== TRY IT ==
Only the lines of the data below from the one with "65Stay hydrated with" through the one with "Un camión que" are wanted. Repeat them exactly.

== RECORDS FOR THE EXERCISE ==
════════

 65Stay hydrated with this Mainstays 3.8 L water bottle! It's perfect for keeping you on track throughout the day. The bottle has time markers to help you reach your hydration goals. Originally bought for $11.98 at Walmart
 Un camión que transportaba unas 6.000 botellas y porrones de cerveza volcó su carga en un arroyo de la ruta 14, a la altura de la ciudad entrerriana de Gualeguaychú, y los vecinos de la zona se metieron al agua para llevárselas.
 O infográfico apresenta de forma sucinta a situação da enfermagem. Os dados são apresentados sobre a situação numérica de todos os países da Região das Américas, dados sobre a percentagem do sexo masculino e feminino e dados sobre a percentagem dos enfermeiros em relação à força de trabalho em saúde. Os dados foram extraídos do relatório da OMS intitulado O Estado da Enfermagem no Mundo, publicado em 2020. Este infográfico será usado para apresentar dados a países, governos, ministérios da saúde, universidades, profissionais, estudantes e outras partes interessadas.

════════

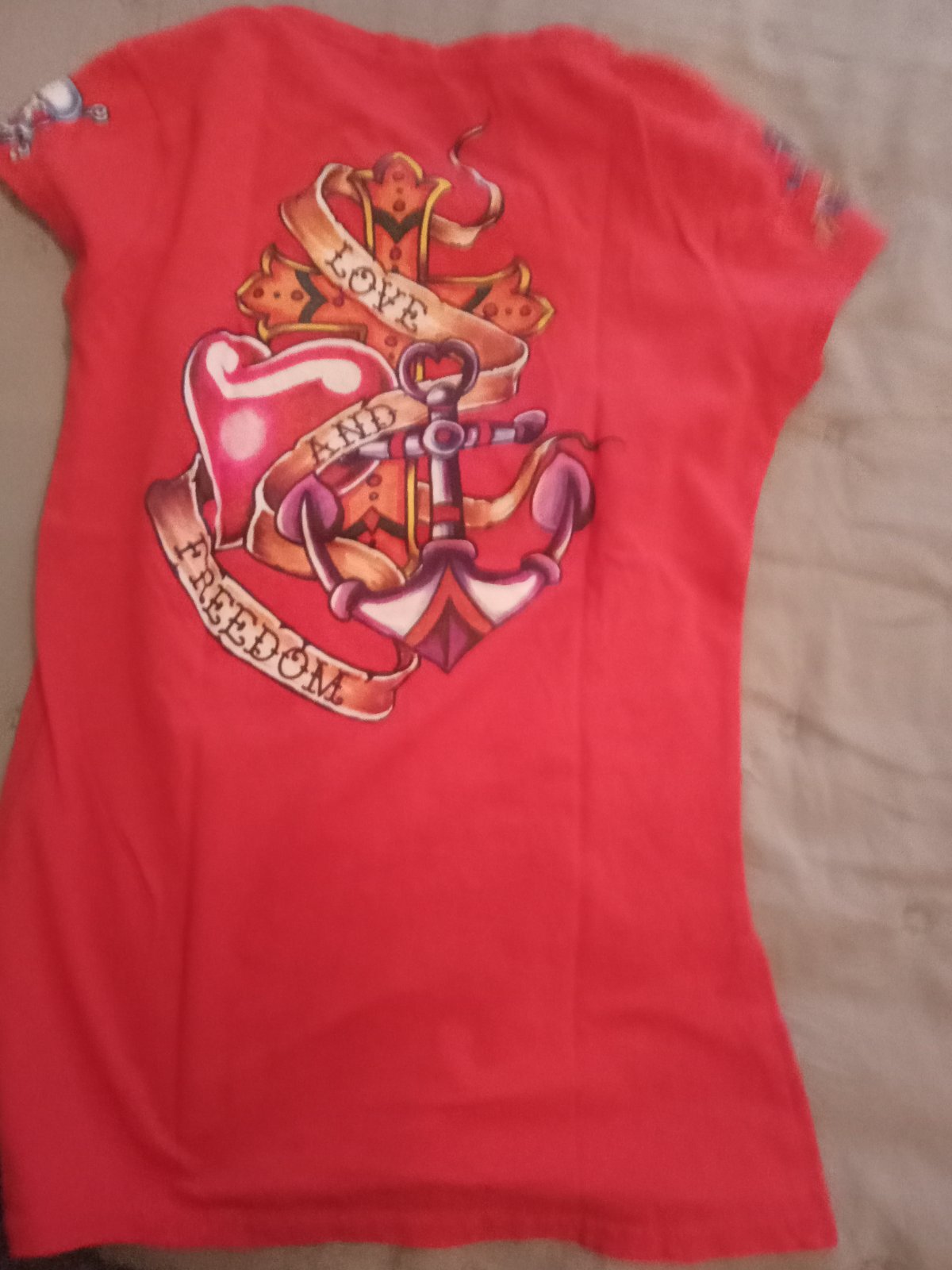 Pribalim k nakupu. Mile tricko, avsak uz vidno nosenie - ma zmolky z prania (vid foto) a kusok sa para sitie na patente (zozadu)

════════

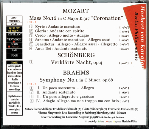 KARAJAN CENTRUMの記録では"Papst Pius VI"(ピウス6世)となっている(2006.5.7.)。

════════

== ANSWER FOR THE TASK ==
 65Stay hydrated with this Mainstays 3.8 L water bottle! It's perfect for keeping you on track throughout the day. The bottle has time markers to help you reach your hydration goals. Originally bought for $11.98 at Walmart
 Un camión que transportaba unas 6.000 botellas y porrones de cerveza volcó su carga en un arroyo de la ruta 14, a la altura de la ciudad entrerriana de Gualeguaychú, y los vecinos de la zona se metieron al agua para llevárselas.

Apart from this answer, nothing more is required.